The latest petition comes a few weeks after Zimbabweans in South Africa petitioned Operation Dudula, Zimbabwe’s ruling Zanu PF party and the ruling African National Congress party of South Africa raising concern over the rise in incidents of attacks on Zimbabwean.
The Zimbabwean group, Concerned Zimbabwean Citizens in the Diaspora, said the situation faced by Zimbabweans leading them to migrate to South Africa was a result of the neighbouring country’s government’s involvement in Zimbabwean affairs.

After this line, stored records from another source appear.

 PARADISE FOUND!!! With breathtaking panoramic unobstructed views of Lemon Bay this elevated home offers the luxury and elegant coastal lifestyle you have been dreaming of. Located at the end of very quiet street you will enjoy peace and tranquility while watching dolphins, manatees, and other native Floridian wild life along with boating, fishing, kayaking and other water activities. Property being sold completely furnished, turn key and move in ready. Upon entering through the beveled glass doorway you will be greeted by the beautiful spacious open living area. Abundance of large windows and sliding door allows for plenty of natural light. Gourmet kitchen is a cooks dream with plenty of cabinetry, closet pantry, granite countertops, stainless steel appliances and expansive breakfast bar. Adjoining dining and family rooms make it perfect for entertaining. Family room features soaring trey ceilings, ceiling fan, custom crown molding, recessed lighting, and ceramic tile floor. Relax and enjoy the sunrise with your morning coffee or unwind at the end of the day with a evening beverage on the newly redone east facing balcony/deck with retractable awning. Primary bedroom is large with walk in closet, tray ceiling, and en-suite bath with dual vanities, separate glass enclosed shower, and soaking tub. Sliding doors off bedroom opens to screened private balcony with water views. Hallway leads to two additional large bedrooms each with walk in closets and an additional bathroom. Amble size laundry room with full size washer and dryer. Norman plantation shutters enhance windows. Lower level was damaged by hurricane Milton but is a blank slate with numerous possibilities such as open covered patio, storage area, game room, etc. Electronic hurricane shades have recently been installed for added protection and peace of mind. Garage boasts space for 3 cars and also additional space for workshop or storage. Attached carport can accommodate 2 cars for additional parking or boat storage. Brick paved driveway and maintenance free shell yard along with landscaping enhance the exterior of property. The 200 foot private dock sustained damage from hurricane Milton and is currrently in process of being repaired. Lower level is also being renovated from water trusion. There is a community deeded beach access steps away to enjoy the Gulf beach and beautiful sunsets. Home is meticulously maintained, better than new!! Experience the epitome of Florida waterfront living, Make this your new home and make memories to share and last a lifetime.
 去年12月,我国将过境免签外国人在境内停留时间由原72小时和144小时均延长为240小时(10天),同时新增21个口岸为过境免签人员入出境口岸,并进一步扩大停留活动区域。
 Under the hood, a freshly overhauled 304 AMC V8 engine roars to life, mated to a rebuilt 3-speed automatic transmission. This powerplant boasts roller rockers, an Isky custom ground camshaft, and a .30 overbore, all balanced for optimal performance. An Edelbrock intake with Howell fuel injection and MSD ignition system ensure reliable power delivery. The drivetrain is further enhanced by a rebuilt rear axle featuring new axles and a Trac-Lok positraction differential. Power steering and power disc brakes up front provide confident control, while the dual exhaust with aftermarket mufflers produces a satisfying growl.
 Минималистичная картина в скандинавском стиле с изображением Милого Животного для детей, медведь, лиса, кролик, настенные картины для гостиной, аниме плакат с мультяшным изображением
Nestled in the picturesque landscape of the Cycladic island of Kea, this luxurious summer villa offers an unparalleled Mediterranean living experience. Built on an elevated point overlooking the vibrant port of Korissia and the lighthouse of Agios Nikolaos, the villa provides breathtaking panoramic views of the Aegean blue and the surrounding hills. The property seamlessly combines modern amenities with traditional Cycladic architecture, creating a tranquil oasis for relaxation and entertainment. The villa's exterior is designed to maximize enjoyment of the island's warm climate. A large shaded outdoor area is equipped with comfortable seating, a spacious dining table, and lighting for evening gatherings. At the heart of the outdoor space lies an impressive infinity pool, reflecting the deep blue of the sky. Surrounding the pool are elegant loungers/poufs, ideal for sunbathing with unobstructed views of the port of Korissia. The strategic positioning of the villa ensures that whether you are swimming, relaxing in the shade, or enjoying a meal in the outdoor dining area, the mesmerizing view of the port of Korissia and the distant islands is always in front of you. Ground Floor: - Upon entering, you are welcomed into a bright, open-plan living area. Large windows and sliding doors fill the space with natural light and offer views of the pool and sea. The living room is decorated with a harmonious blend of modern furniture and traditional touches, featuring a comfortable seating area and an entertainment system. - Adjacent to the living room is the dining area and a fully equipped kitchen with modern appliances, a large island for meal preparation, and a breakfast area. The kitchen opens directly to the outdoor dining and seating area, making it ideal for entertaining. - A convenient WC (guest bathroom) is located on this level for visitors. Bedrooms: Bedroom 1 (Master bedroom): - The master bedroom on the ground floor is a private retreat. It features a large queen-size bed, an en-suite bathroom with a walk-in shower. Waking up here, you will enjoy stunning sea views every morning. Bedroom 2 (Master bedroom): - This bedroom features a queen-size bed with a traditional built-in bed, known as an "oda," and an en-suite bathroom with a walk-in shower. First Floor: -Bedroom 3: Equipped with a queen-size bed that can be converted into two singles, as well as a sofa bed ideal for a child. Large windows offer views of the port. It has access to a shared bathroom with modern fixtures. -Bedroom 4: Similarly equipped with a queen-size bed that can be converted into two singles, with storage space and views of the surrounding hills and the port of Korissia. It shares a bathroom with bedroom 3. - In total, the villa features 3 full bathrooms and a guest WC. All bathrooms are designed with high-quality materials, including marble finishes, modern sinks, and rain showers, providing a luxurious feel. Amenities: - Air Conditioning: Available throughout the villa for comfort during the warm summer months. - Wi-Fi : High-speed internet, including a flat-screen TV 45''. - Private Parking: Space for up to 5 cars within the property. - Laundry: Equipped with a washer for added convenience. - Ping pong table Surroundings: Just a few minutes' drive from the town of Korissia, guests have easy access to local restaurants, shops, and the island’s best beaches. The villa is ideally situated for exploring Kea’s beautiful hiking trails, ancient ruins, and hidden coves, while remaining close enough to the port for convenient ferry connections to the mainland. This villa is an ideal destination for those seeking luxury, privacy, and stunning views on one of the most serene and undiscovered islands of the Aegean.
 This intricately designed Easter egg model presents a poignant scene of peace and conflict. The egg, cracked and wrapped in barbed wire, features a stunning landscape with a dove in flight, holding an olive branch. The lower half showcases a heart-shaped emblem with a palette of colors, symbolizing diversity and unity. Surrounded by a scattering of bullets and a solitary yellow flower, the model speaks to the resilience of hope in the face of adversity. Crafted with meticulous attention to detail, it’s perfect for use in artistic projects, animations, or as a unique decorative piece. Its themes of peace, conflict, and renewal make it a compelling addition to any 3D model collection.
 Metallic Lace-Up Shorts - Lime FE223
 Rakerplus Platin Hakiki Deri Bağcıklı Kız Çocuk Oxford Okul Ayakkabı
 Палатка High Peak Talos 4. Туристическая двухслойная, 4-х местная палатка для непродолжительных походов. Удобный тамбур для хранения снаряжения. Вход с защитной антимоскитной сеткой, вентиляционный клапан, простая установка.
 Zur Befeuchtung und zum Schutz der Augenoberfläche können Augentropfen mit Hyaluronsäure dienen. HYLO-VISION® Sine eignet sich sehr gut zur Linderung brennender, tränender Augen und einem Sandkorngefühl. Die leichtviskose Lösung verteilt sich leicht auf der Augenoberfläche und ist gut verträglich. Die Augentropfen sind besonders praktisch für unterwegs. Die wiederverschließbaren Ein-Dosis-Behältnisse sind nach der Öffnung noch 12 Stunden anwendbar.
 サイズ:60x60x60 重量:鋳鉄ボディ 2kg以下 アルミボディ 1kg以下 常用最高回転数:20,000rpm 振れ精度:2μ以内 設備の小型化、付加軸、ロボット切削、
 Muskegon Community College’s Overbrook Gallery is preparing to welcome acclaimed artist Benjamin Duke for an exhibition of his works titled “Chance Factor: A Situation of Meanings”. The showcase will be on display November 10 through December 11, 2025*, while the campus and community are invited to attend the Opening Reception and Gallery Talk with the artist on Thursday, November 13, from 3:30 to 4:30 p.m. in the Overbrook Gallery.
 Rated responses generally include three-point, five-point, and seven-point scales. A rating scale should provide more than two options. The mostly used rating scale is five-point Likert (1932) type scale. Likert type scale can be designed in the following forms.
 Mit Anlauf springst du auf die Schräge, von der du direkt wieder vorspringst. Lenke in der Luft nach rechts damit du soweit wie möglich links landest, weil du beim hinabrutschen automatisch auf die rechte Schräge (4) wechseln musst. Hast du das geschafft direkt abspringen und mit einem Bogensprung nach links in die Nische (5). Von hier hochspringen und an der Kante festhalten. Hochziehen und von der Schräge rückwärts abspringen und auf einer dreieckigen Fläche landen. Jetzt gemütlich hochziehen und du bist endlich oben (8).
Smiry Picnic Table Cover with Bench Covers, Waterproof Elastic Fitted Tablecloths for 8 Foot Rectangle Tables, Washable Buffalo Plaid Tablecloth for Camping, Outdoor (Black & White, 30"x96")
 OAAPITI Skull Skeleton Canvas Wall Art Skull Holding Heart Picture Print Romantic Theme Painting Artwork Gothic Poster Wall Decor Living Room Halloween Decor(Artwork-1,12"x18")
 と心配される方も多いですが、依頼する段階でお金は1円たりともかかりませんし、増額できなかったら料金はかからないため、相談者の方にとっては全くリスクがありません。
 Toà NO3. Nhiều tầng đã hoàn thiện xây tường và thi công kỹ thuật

“We, the citizens of Zimbabwe, write to you not in anger, but in truth, in pain and in the spirit of justice. Since the year 2000, Zimbabweans have been leaving their homeland in large numbers. This was not by choice but by force of circumstance,” read the concerned Zimbabwean citizens’ petition.
“The formation of the Movement for Democratic Change (MDC) under the late Morgan Richard Tsvangirai — may his soul rest in eternal power — was met with brutal repression.
“The Mugabe regime, deputised by Emmerson Mnangagwa and Zanu PF, unleashed violence, torture, intimidation and mass killings on innocent citizens, while Sadc [Southern African Development Community] and the world watched silently.”
They said thousands were murdered in cold blood, families displaced, homes destroyed and dreams shattered, adding that Zimbabweans did not flee because they were cowards, but because their leaders declared war against them.
The Zimbabweans said they were not Dudula’s enemies, but victims of a brutal regime that Pretoria’s “silence and protection have emboldened”.
South Africa’s Health minister Aaron Motsoaledi recently warned the vigilante groups to stop blocking foreigners from accessing health services, describing their actions as illegal.